Wśród pracowników Centrum Wodnego Laguna trwa niepokój.
Też ci na stałych umowach?
Do tej pory przygotowano zwolnienia dla 4 osób. Okres wypowiedzenia – 3 dni!
-To są zwolnienia osób, które były u nas na zastępstwo. Nie wszystkie jeszcze panie otrzymały wypowiedzenie, bo część z nich była na zwolnieniu lekarskim – mówi nam Edyta Zart.
Dyrektor próbuje ciąć koszty. Finansową sytuację Laguny próbuje ratować poprzez zaciskanie pasa. Teraz pod nóż ma iść część pracowników z umowami na stałe.
W atmosferze strachu
Pracownicy narzekają na złą atmosferę.
-Dyrektor wcale z nami nie rozmawia, w ogóle nie przedstawiła się jeszcze całej załodze. Wśród pracowników panuje strach. Miałyśmy iść do burmistrza, ale dowiedziałyśmy się, że możemy być zwolnione – mówi nam jedna z pracownic CW Laguna.
Trwają rozmowy ze związkami zawodowymi.
Szuka oszczędności
Nowa dyrektor szuka oszczędności w wielu dzidzinach. Czy nie odbiją się onae na jakości świadczonych usług.

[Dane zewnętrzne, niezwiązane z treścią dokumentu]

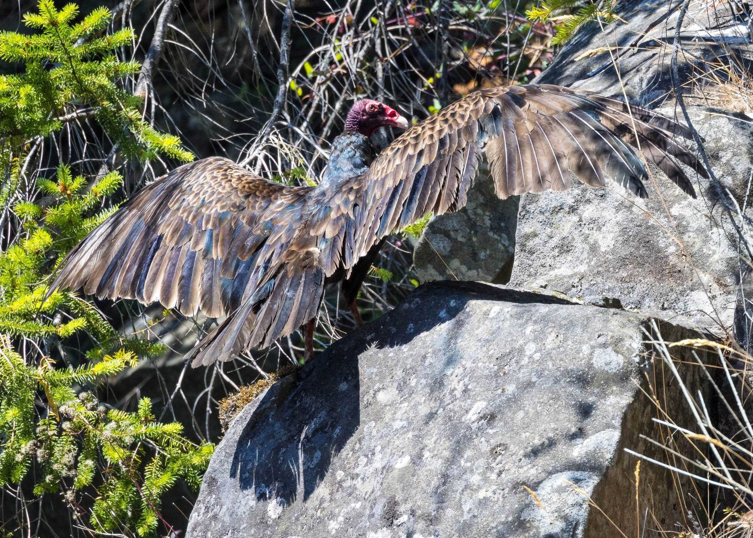 I didn’t see it initially, but there was a turkey vulture sitting on the small, exposed bit of beach when we arrived. It flew up to one of the trees overhanging the beach and stayed there for quite a while. I got quite a few photos before it flapped off, resting a little further away on the rocks and spent the rest of the time we were there sunning itself. You don’t often see them that close up. They are pretty big and very interesting.
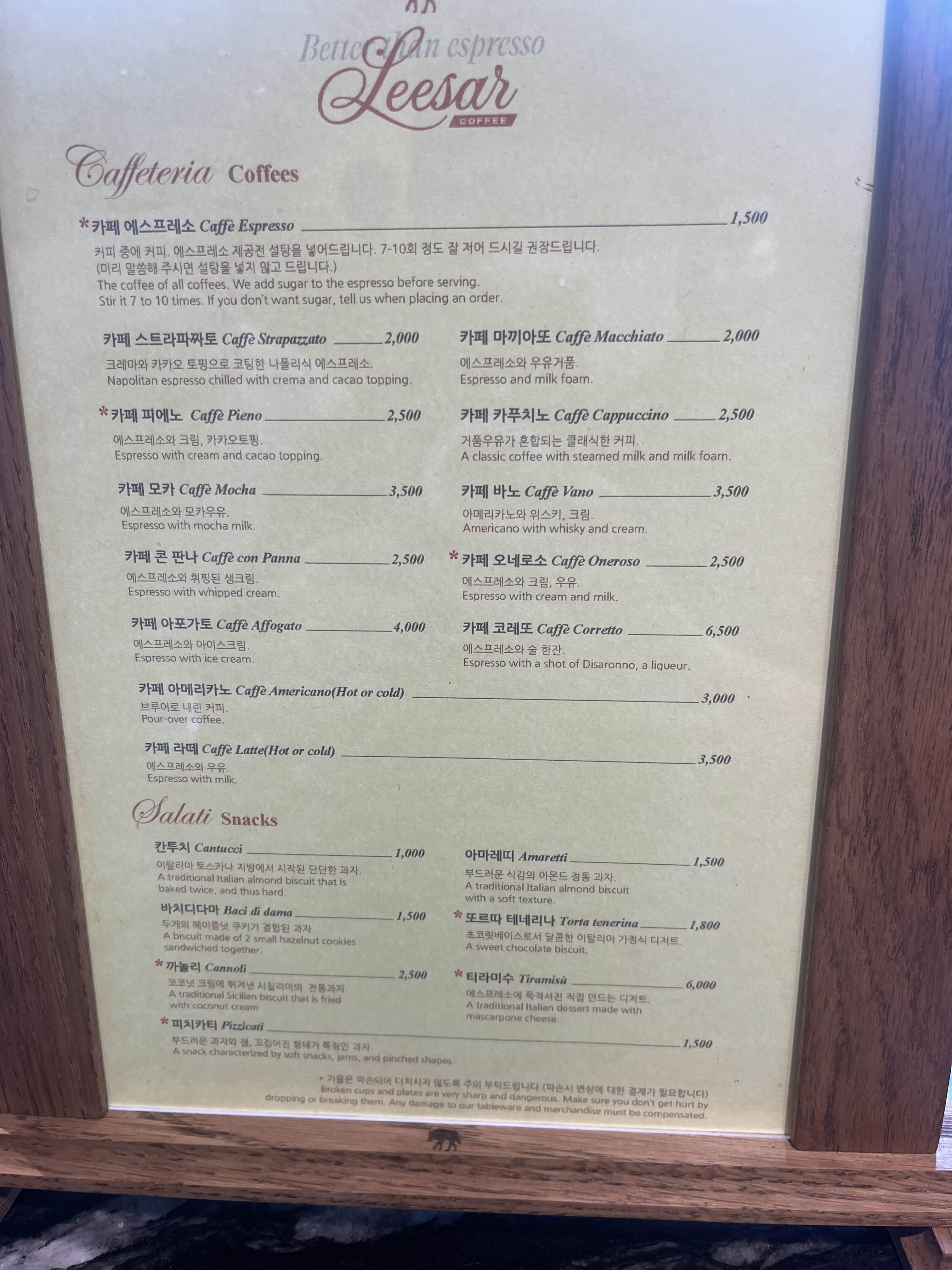 섭하니까 카페 에스프레소와 아메리카노, 라떼를 주문했어요.

-Usługi zachowane są na stałym poziomie. Nasze działania oszczędnościowe polegają np. na tym, że gdy z samego rana na basenie znajduje się ok. 10 osób i są to ludzie dorośli, to nie puszczamy wody w rurach, bo nikt do godziny 9 nie zjeżdża. Zjeżdżalnie są to tak wielkie urządzenia, że powodują bardzo wysokie koszty (90 tys. zł). Gdy pojawia się pierwsze dziecko na basenie, automatycznie wszystkie rury są uruchamiane – mówi dyrektor Edyta Zart.